Let me have done with that old God outside Who watched with preference and answered prayer, The Godhead that replied

Now here, now there,

Where heavy cannon were

Or coins of gold!

Let me receive communion with all men

Acknowledging our one and only soul!

For not till then

Can God be God till we ourselves are whole!

RENUNCIATION

MARK WILKS CALL

Wakeful all night I lay and thought of God,
Of heaven, and of crowns pale martyrs gain,
Of souls in high and purgatorial pain,

And the red path which murdered seers have trod:
I heard the trumpets which the angels blow
I saw the cleaving sword, the measuring rod,
I watched the stream of sound continuous flow
Past the gold towers where seraphs make abode.

But now I let that aching splendor go,

I dare not call the crowned angels peers
Henceforth.
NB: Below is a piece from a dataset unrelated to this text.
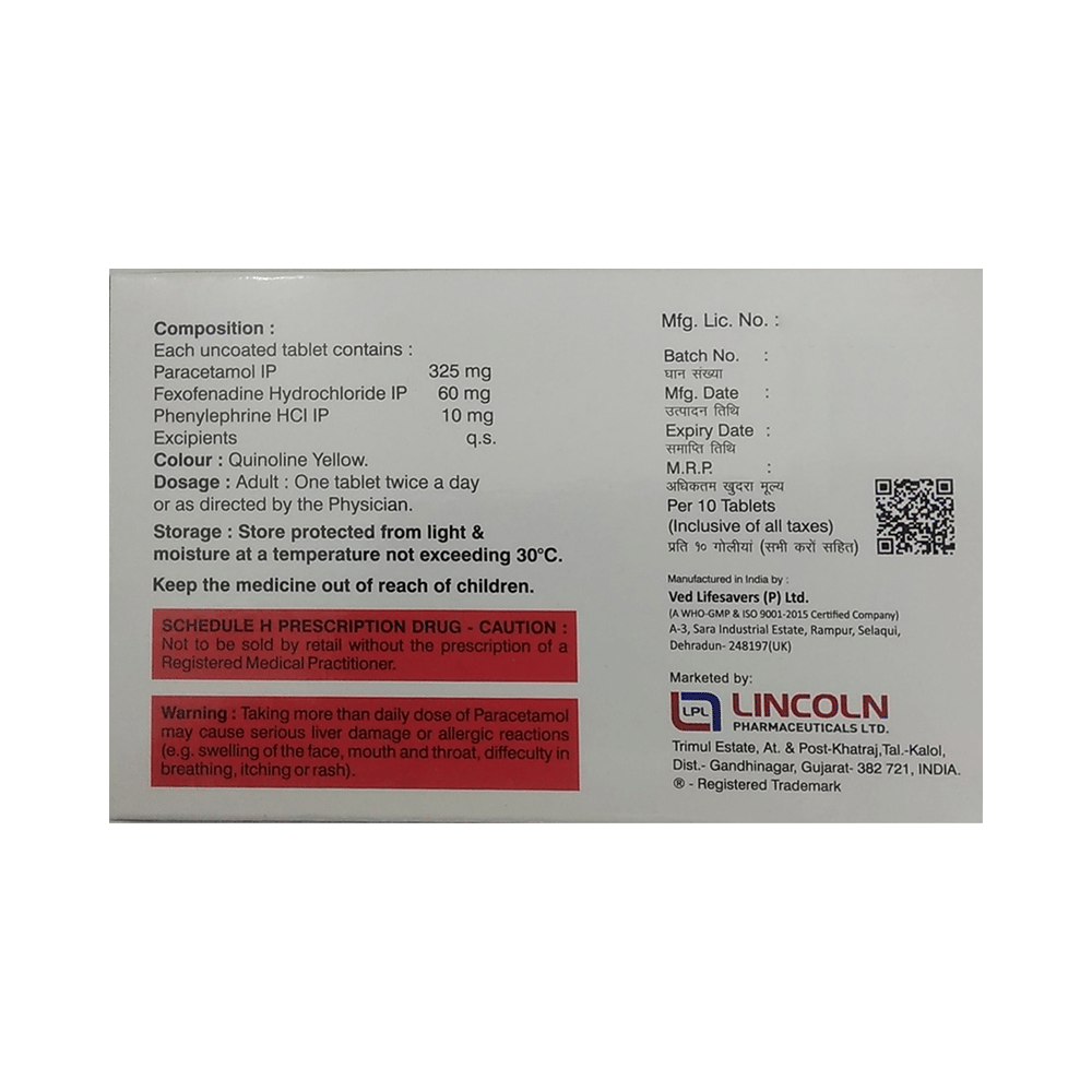 Salt Composition: Fexofenadine (60mg) + Phenylephrine (10mg) + Paracetamol (325mg)

I am content to dwell below
Mid common joys, with humble smiles and tears
Delighted in the sun and breeze to grow,
A child of human hopes and fears.

EACH IN HIS OWN TONGUE

WILLIAM HERBERT CARRUTH

A fire-mist and a planet,—

A crystal and a cell,

A jelly fish and a saurian,

And caves where cavemen dwell;
Then a sense of law and beauty,

And a face turned from the clod,-
Some call it Evolution,

Others call it God.

A haze on the far horizon,
The infinite tender sky,

The rich ripe tint of the corn-fields,

And the wild geese sailing high,

And all over the upland and lowland
The charm of the golden rod,—

Some of us call it autumn,

And others call it God.

Like tides on the crescent seabeach,
When the moon is new and thin,
Into our hearts high yearnings,
Come welling and surging in,-
Come from the mystic ocean
Whose rim no foot has trod,-
Some of us call it Longing,

And others call it God.

A picket frozen on duty,—

A mother starved for her brood,-
Socrates drinking the hemlock,

And Jesus on the rood;

And millions who humble and nameless,
The straight hard pathway plod,-
Some call it Consecration,

And others call it God.

PYGMALION

In part

HILDA DOOLITTLE (Mrs. Richard Aldington)

I made god upon god

Step from the cold rock,

I made the gods less than men,

For I was a man and they my work.

And now what is it that has come to pass?